A person so discharged on licence may be discharged
on probation, and on condition that he be placed under the
supervision or authority of any society or person named in the
licence who may be willing to take charge of the case, or of such
other conditions as may be specified in the licence.
The Directors of Convict Prisons shall report
periodically to the Secretary of State on the conduct and industry
of persons undergoing preventive detention, and their prospects and
probable behaviour on release, and for this purpose shall be
assisted by a committee at each prison in which such persons are
detained, consisting of such members of the board of visitors and
such other persons of either sex as the Secretary of State may from
time to time appoint.
Every such committee shall hold meetings at such
intervals of not more than six months as may be prescribed, for the
purpose of personally interviewing persons undergoing preventive
detention in the prison, and preparing reports embodying such
information respecting them as may be necessary for the assistance
of the Directors, and may at any other time hold such other meetings
and make such special reports respecting particular cases, as they
may think necessary.”
A licence may be in such form, and may contain such
conditions as may be prescribed by the Secretary of State.

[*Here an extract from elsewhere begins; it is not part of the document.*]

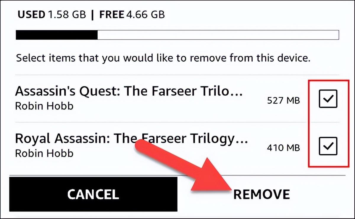 这里的所有都是它的!这些书籍将不再占用 Kindle 阅读器的存储空间。它仍会在您的 Kindle 图书馆中。

The Secretary of State is the figure who has all
power over the person sentenced to preventive detention; but the Act
does not give him any power that he did not before possess. The
Secretary of State has always held and used a dispensing power
regarding the sentences passed on prisoners. He has not only
remitted sentences, but he has imposed conditions while granting a
remission. The Act does not even limit his power, for as the
representative of the King he may liberate anybody if he sees fit.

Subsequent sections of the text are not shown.